• Effect of nicotine or placebo in healthy subjects and schizophrenic patients on attentional network activity in brain with functional magnetic resonance imaging and EEG [ Time Frame: after last subject out ] [ Designated as safety issue: No ]
  

• -Effect of nicotine on a4b2 nAch receptor genotype -Gene Expression of a4b2 nAch -effect of 24 h nicotine witdrawal on modulation special hormones -effect of nicotine on neurophysiological correlates of social stress [ Time Frame: after last subject out ] [ Designated as safety issue: No ]
  

Nicotine is improving attentional capacity which goes along with an activation of the attentional network in the brain. So far, however, it is unresolved whether nicotine is used for the purpose of self-medication by those nicotine-dependent subjects who suffer from subclinical or clinical attentional deficits which may sustain nicotine addiction. In the present study, we investigate healthy subjects and schizophrenic patients who frequently show very low attentional capacity with functional magnetic resonance imaging (fMRI) and electrophysiology (EEG) during attention-requiring tasks to assess the level of attentional network activity. It is anticipated that low attentional network activity (during baseline condition, after nicotine challenge and after withdrawal) predicts the degree of nicotine dependence including the strength of withdrawal symptoms and relapse rate after smoking cessation. In addition, we expect that functional variations within alpha4beta2 nAch receptor genotype are associated with attentional capacity and -by extension - with nicotine dependence.

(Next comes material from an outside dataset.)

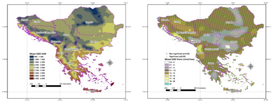 The 2020 GDD distribution reveals that almost the entire Greek territory is suitable for the cultivation of wheat, except for the high mountainous regions. Half of Albania is above the 3000 GDD units annually, and the coastal zone reaches 4000 GDD units. Also, a wide area on the eastern part of the map covering almost all Bulgaria and the southern half of Romania outreaches 2000 GDD units. The regions below the critical limit of the 2000 GDD units are the higher altitude areas of Montenegro, Bosnia and Herzegovina, Slovenia, and the Carpathians in Romania. So, it is easy to conclude that the GDD is not a restriction factor for the cultivation of wheat in the Balkans. The trend’s distribution (right) indicates high positive values over the entire area. The higher values can be found in coastal Croatia and Albania and the lower over southern and western Bulgaria.
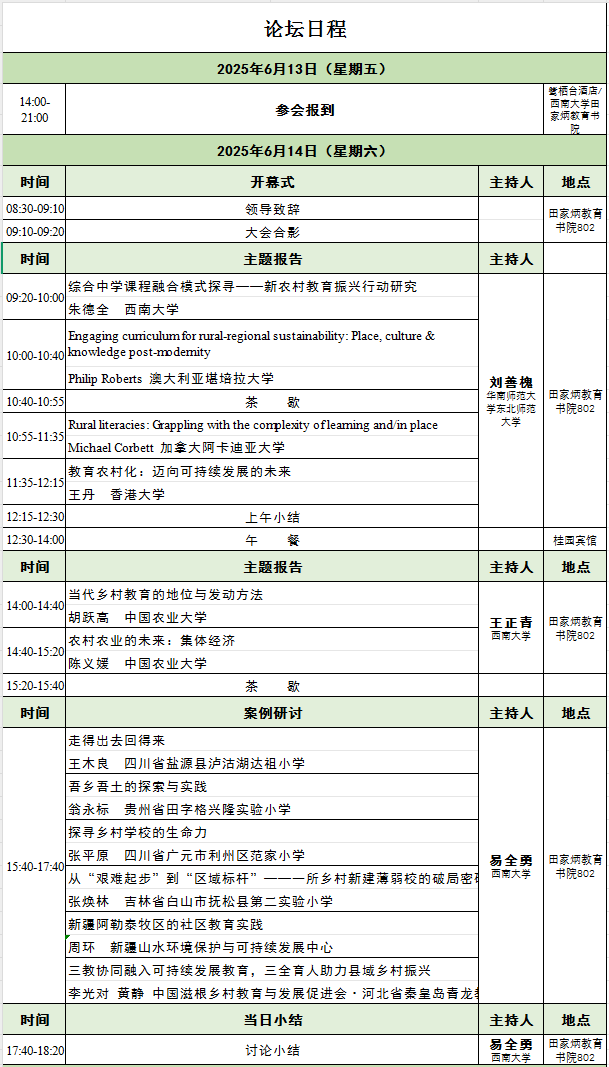 本次论坛设置主题演讲、案例研讨、平行论坛等环节,诚挚并热烈欢迎海内外农村教育与农村发展的研究者、实践者、以及各界人士的关注和参与。

Additionally Self-medication of attentional deficits and of increased stress vulnerability may contribute to nicotine-dependence both in schizophrenia patients and healthy subjects. However, very little is known about the effect of nicotine on stress in schizophrenia. In particular social stressors are highly relevant in schizophrenia often resulting in social withdrawal. A factor contributing to the stress-eliciting nature of social interaction is the misidentification of social information during communication with others. The present project aims at an investigation of nicotine effects on such social information processing and its neurophysiological correlates and on social stress responses. Using a 2x2-factorial design effects of nicotine vs. placebo are experimentally investigated in smoking schizophrenia patients in comparison to smoking healthy controls each after an overnight smoking deprivation. Nicotine will be administered by nasal spray delivering a systemic does of 2 mg nicotine. Event-related EEG potentials will be recorded during the presentation of pictures of facial affect and neutral control stimuli to assess social information processing and its neurophysiological correlates. In addition a videotaped semi-standardized conversation skills role-play test will be used as a social stress situation to assess self-reported and non-verbal affective responses.